ラインチャートとストックチャートの両方で利用可能なオプションとランタイム制御。

LineChartOptions および StockChartOptions は同じ操作、軸、ラベル、オーバーレイ、ビューポート、およびレンダリング制御を含みます。ベースチャートを構築したり内部レンダリングエンジンをインポートしたりする必要はありません。

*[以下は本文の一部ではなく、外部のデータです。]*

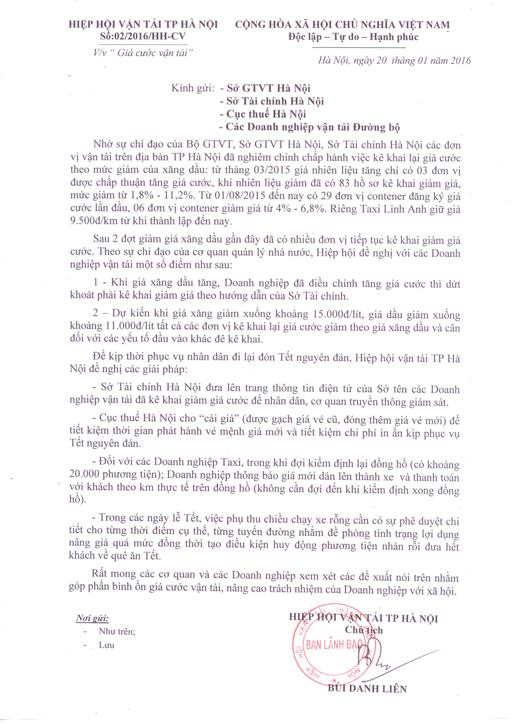 Ý KIẾN CHỈ ĐẠO CỦA HIỆP HỘI VẬN TẢI TP HÀ NỘI VỀ GIẢM GIÁ CƯỚC ...

正確なフィールドについては Line options] または Stock options] を参照してください。共有ランタイムメソッドは LineChart] および StockChart] 上に直接表示されます。

構築グループ

レンダラーとインタラクション

  • renderModeautoworker、またはmainを選択します。実際の結果はgetRenderMode()で読み取ります。
  • rendererInitializationTimeoutはミリ秒単位でレンダラーの起動時間を制限します。既定は15秒で、構築時にカウントを開始し、ウォッチドッグを無効にするには0に設定できます。
  • interactive: false はホバー情報を保持したままパン、ズーム、ピンチ、選択を無効にします。
  • minViewportRange はXデータ単位でのズームインを制限します。
  • yDomain: { min, max } はズーム、詳細度(LOD)変更、ストリーミング更新にわたりYドメインの片側または両側を固定します。省略された端は自動スケーリングされます。
  • wheelZoomSpeedwheelZoomDirectionkeyboardZoomSpeed、およびkeyboardPanSpeedはナビゲーションを調整します。
  • keyboardActivation はフォーカスベースまたはホバーベースのキーボード操作を選択します。
  • keyboardAnnouncements はキーボードによるパン、ズーム、リセット、選択キャンセル後に発行されるポライト(polite)ステータスメッセージをローカライズします。オプションの viewport テンプレートは {startPercent}{endPercent}{spanPercent} を受け取ります。ホストが同等のフィードバックを提供する場合は false に設定してください。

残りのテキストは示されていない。